<<<<

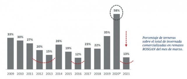 Una de ellas es la menor oferta de terneras que se está viendo en este inicio de zafra. Si analizamos la participación de terneras sobre el total de lotes de terneros/as de invernada ingresados en los diferentes remates del mes de marzo de Rosgan, surge un indicador sumamente elocuente. El 2020 se descarta del análisis por tratarse de un remate ocurrido durante los primeros días de abril y en un contexto donde seguramente se mezclen diferentes factores que pueden sesgar la interpretación. Sin embargo, comparando con los ciclos previos, la participación de terneras sobre el total de invernada (terneros, terneras y lotes mixtos) subastados en los dos remates del mes de marzo alcanza un escaso 13%, en total consistencia con los porcentajes registrados en períodos asociados a fases de retención.
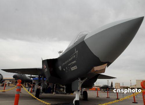 美國十一月中旬在內華達州內利斯空軍基地舉行紀念空軍成立六十年大規(guī)模飛機展示中,未來主力戰(zhàn)機F-35“閃電2聯(lián)合攻擊戰(zhàn)斗機”的公開亮相最為矚目。這種多國合作研制的新一代隱秘戰(zhàn)術飛機,將更新裝備美國空軍、海軍和海軍陸戰(zhàn)隊,以及英國皇家海軍與皇家空軍等多國部隊。中新社發(fā) 賈國榮 攝
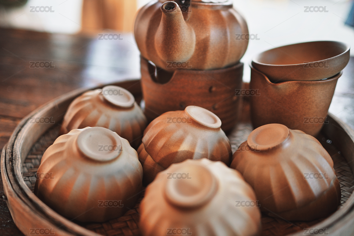 古樸陶器茶具靜置竹盤
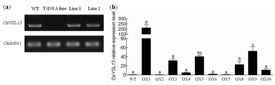 To evaluate whether OsYSL13 was involved in Fe homeostasis, a T-DNA insertion line (RMD_04Z11MA04) of OsYSL13 was obtained from the rice-mutant database []. The T-DNA was inserted into the first exon of OsYSL13 (Figure 1a). There was no transcript of OsYSL13 in this line, suggesting that it is a knocked-out mutant (Figure 4a). In addition, the OsYSL13-expressed complementation lines in the mutant background, and the OsYSL13 overexpression lines in the wild type background were also generated. The transcript of OsYSL13 was detected in the two independent complementation lines used in this study (Figure 4a). The expression of OsYSL13 increased significantly among these overexpression lines obtained, except for the overexpression (OX) lines 2, 6, and 7 (Figure 4b). Among them, line 1 increased the most and line 4 increased the least (Figure 4b). Line 3 and line 5 were chosen for further research.
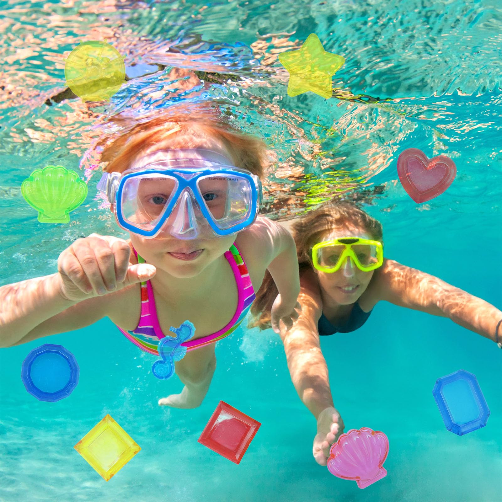 Tauchabenteuer für kleine Wasserratten! Dieses Set enthält 110 bunte Acryl-„Edelsteine“ in Form von Muscheln, Seesternen und Co. Die Steine sind absolut ungiftig, geruchsneutral und haben abgerundete Kanten – also sicher für Kinderhände. Einfach ins Wasser werfen und schon können die Kleinen nach Herzenslust nach Schätzen tauchen. Das fördert nicht nur die Hand-Auge-Koordination, sondern auch die Freude am Schwimmen und Planschen. Aber Achtung: Nicht für Kinder unter 3 Jahren geeignet – Verschluckungsgefahr! Die leuchtenden Farben und Formen machen aber nicht nur im Pool oder am Strand eine gute Figur – auch als Deko für Vasen, Aquarien oder Fensterbank eignen sie sich super. Perfekt für Poolpartys, Strandausflüge oder Eltern-Kind-Spiele. Einfach abtrocknen und wiederverwenden – so macht Wasserspaß lange Freude. Und das Beste: Die Aufbewahrung ist kein Problem, denn die Steine sind leicht und platzsparend. Einfach genial für kreative Spiele im und am Wasser!
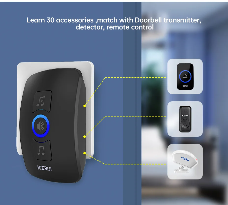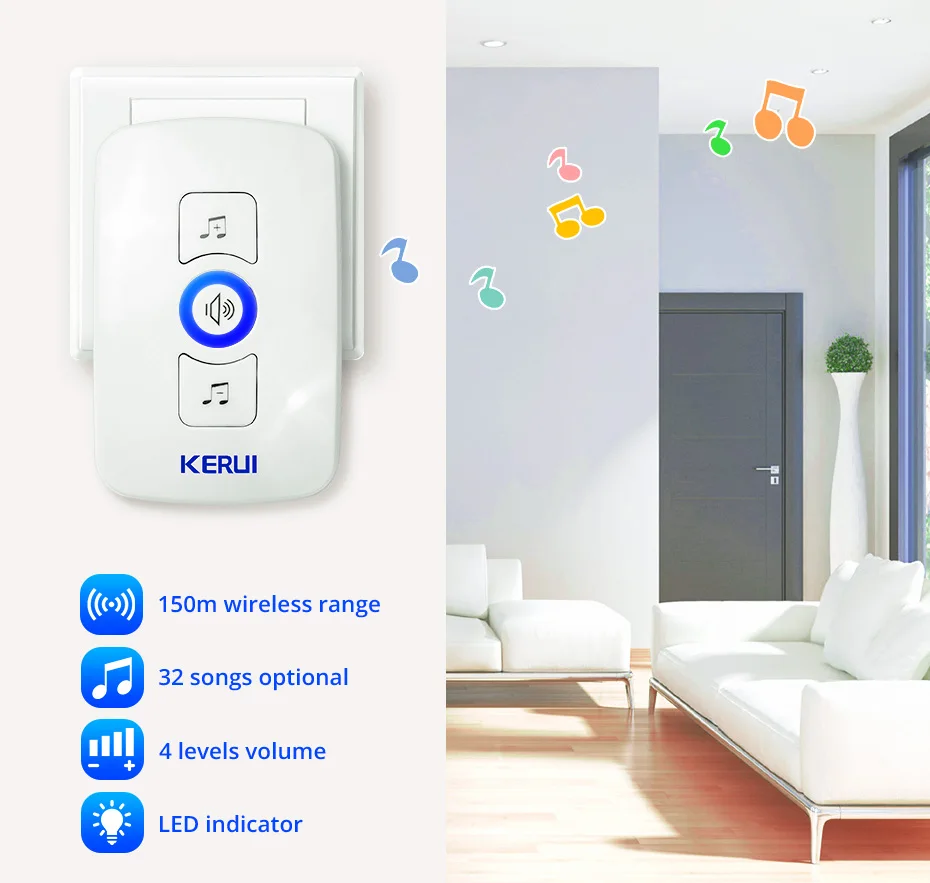 Беспроводной дверной звонок использует передовые беспроводные технологии приема и отправки, мощную систему управления микрокомпьютером, высокую емкость и превосходную технологию обработки голоса, до 32 песен с надежной и стабильной производительностью. Дверной звонок и передатчик подключаются через беспроводной обучающий код, с функцией дверного звонка, охранной сигнализации и приветственной сигнализации, которая подходит для различных случаев: как вилла, клуб, центр отдыха, магазин, отель, дом, офис, конференц-зал и т. д.
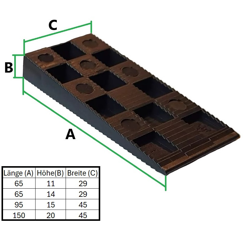 sehr hohe Traglast (somit auch sehr gut als Unterlegekeil geeignet)
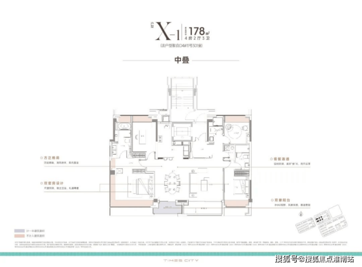 中平:四开间朝南IMAX级面宽,4房4飘窗2阳台双套房,一层之内尽享“大平层豪宅”尺度。
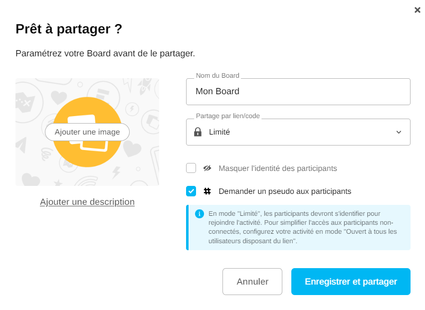 Tout d’abord, vous pouvez nommer le Board et définir le niveau d’accès à l’activité.
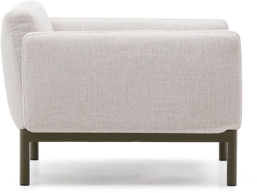De Kave Home Sorells fauteuil combineert zitcomfort met een moderne uitstraling. De zachte zitting en de armleuningen zorgen voor extra gemak, terwijl het stevige metalen onderstel stabiliteit biedt. De stoel is bekleed met polypropyleen stof, een materiaal dat zowel sterk als onderhoudsvriendelijk is. Ideaal om buiten te gebruiken en je terras of tuin een stijlvolle uitstraling te geven.
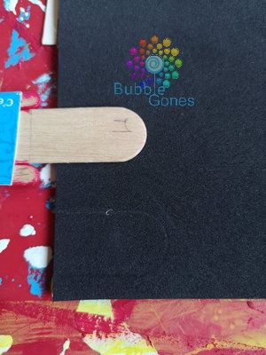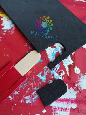 J’ai reproduit le contour du grand batonnet sur la mousse noir puis j’ai découpé le contour. Je l’ai collé sur le batonnet pour faire le casque.
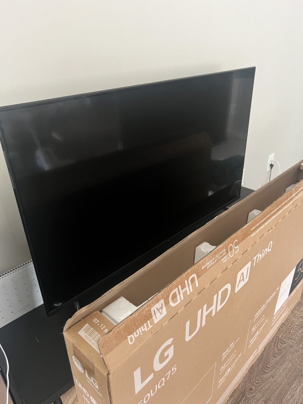 TV : 모델명 50UQ75, 판매가격 $150, 필요하시면 TV 선반도 같이 드립니다(이케아 구매)
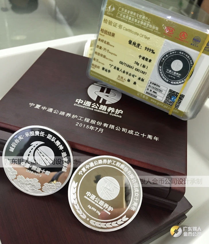 2015年7月定制 寧夏中通公路銀質紀念幣定制、銀幣紀念幣定做
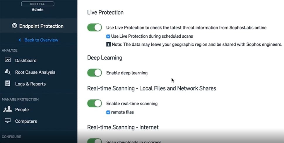 Sophos Workload Protection uses deep learning, an advanced form of machine learning that detects both known and unknown malware without relying on signatures.
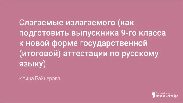 В процессе подготовки к письменному экзамену по русскому языку в новой форме ученик должен, во-первых, уяснить "слагаемые" подробного изложения; во-вторых, освоить элементы тестирования; в-третьих, научиться писать сочинение-рассуждение; в-четвертых, выработать психологический настрой и, наконец, попробовать свои силы на репетиционном экзамене.
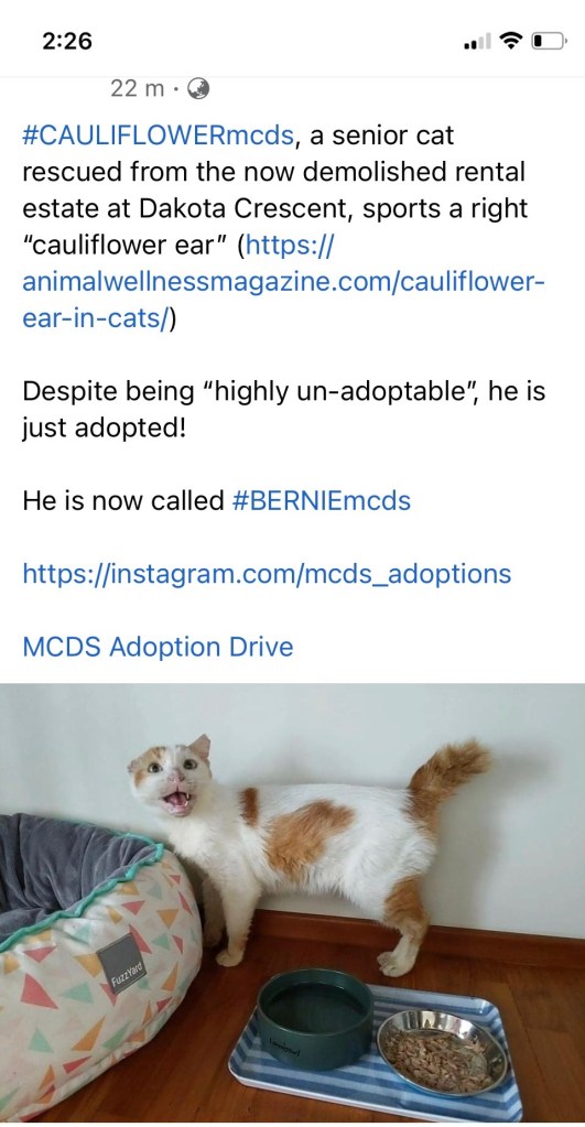 And as if to signify a departure from his past afflictions, Cauliflower Boy’s adopter has changed his name to Bernie. ❤️

>>>>

▸ **Task prompt**: Retype only the lines above from the one with "sehr hohe Traglast" through the one with "Sophos Workload Protection", exactly and with both ends. Images stay out.

▸ **Solution to the exercise**:
 sehr hohe Traglast (somit auch sehr gut als Unterlegekeil geeignet)
 中平:四开间朝南IMAX级面宽,4房4飘窗2阳台双套房,一层之内尽享“大平层豪宅”尺度。
 Tout d’abord, vous pouvez nommer le Board et définir le niveau d’accès à l’activité.
De Kave Home Sorells fauteuil combineert zitcomfort met een moderne uitstraling. De zachte zitting en de armleuningen zorgen voor extra gemak, terwijl het stevige metalen onderstel stabiliteit biedt. De stoel is bekleed met polypropyleen stof, een materiaal dat zowel sterk als onderhoudsvriendelijk is. Ideaal om buiten te gebruiken en je terras of tuin een stijlvolle uitstraling te geven.
 J’ai reproduit le contour du grand batonnet sur la mousse noir puis j’ai découpé le contour. Je l’ai collé sur le batonnet pour faire le casque.
 TV : 모델명 50UQ75, 판매가격 $150, 필요하시면 TV 선반도 같이 드립니다(이케아 구매)
 2015年7月定制 寧夏中通公路銀質紀念幣定制、銀幣紀念幣定做
 Sophos Workload Protection uses deep learning, an advanced form of machine learning that detects both known and unknown malware without relying on signatures.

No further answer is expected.